В самом первом сне Август смотрел на полностью одетого Тони, который танцевал так проникновенно и чувственно, что в носу начинало щипать. Они не подходили друг к другу, не встречались взглядами, однако Августу хватило и этой малости, чтобы проснуться с влажными ресницами и ещё долго успокаивать себя, явственно ощущая тяжесть в груди.
Во второй раз танец был значительно веселее. Тони бегал в припрыжку по кругу, звал Августа присоединиться, но тот не решился. Однако на третью ночь Август уже скакал в огне вместе с ним и смеялся, как ребёнок.
Чем дальше, тем опаснее становились сны. Сначала Август танцевал с Тони вальс, утыкаясь носом в его вкусно пахнущие волосы, потом к вальсу добавились тесные объятия. За объятиями последовали целомудренные поцелуи в лоб, брови и виски. Но с каждым новым сном поцелуи спускались всё ниже и ниже, пока не достигли губ.
Август помнил, как впервые решился стянуть с Тони рубаху. Он раздевал его, не переставая, ласкать шею и грудь губами, скользить ладонями по животу, бокам, спине. Тони восхитительно вздыхал, выгибался навстречу его рукам. Август с ума сходил, прикасаясь к нему, а Тони лишь улыбался проказливо, посмеивался и тянулся за очередным поцелуем.
Конечно же, Август рассказывал об этом на исповеди. Он честно признавался, что занимался развратом во снах, не вдаваясь в подробности, с кем именно: не хотел ставить Тони под удар. Всё же теперь это была проблема исключительно Августа, и вовлекать в её решение невиновного человека было бы неправильно. Отец Антоний, братья и сестры лишь по-доброму посмеивались над смущённым Августом и говорили, что он всего лишь женитьбы дождаться не может. Мол, все сны пройдут, как только он проведёт первую ночь с женой.
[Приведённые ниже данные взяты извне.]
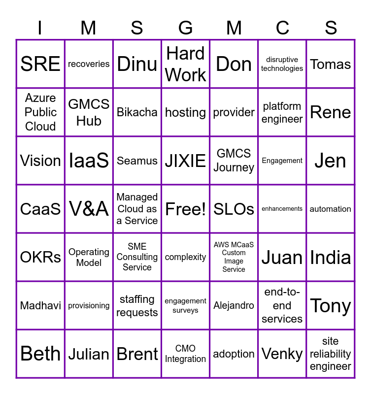 This bingo card has a free space and 105 words: Aidan, Beth, Don, Dave, Conrad, Celebrations, DP-203, AI-900, AZ-400, AZ-900, Hemant, Ranjan, Venky, Sudarsanan, Arun, Madhavi, Dinu, Cheryl, Pilar, Ar-Ar, Satish, Wasi, Julian, Emiliano, Alejandro, Seamus, Bikacha, Hard Work, cornerstone, excellence, GMCS Journey, Managed Cloud as a Service, Roadmap, CMO Integration, SME Consulting Service, AWS MCaaS Custom Image Service, Edge Offering, MCaaS Light Service, Azure Public Cloud, CaaS, PaaS, IaaS, Operating Model, disruptive technologies, end-to-end services, SRE, upskill, platform engineer, a day in the life, site reliability engineer, DevOps, SLOs, automation, kubernetes, linux, architecture, IAM, python, performance, JIXIE, Vision, GMCS Landing Zone, standards, platinum, Song, complexity, demand, recoveries, hosting, provider, V&A, Pipeline, operational excellence, AVD, Jomer, Tony, Lucas, Shirli, Jen, adoption, savings, milestones, Brent, Tomas, John, Rene, Allen, optimization, enhancements, provisioning, Juan, Charmaine, Sandeep, Venkat, Engagement, India, Philippines, Argentina, GMCS Hub, OKRs, training, enablement, staffing requests, engagement surveys and CliftonStrenths Domains.

Чтобы справиться с искушениями, Август молился и старался больше времени уделять Любаве. Отношения с ней выстраивались хорошие. По крайней мере, Август был в этом уверен. Он дарил Любаве подарки: то букет полевых цветов соберёт, то лавандовое масло приготовит, которое она просила, чтобы использовать в качестве духов. После службы он приглашал её на свидания, водил по округе или же угощал травяным чаем дома. Любава же вязала ему носки на осень и зиму, стирала одежду, баловала вкусностями, принесёнными из трапезной. В благодарность Август дарил ей поцелуи в щёки и уголки губ, а Любава то и дело пыталась поймать его губы своими. Целуясь с ней, Август чувствовал себя странно. Словно он совершал какое-то самое обыденное и скучное действие, чего нельзя было сказать о поцелуях с Тони. Даже во сне Август чувствовал, как один взгляд Тони будоражил кровь. Взгляд Любавы же заставлял неловко улыбаться, чтобы не расстраивать её той холодностью, которая царила в груди.
Однако Август старался не поддаваться унынию. Жениться — было правильно, так делали все. Значит, и он тоже должен. По-другому быть просто не могло. К тому же сам отец Антоний был уверен, что этот брак и Августу, и Любаве был необходим. Сомнений в правильности его решения не было, и Август надеялся, что со временем он ощутит к Любаве ту же испепеляющую страсть, которая поглощала его во снах с Тони.
Они много разговаривали с Любавой о том, что ждёт их в будущем, и Август всё больше проникался ролью ответственного мужа, видел себя главой семьи и думал о том, как будет воспитывать детей. Любава очень хотела двойняшек, и Август её поддерживал. Детей он любил, считал их даром свыше, но как только пытался вообразить, что предстояло сделать для того, чтобы они появились, ему становилось не по себе.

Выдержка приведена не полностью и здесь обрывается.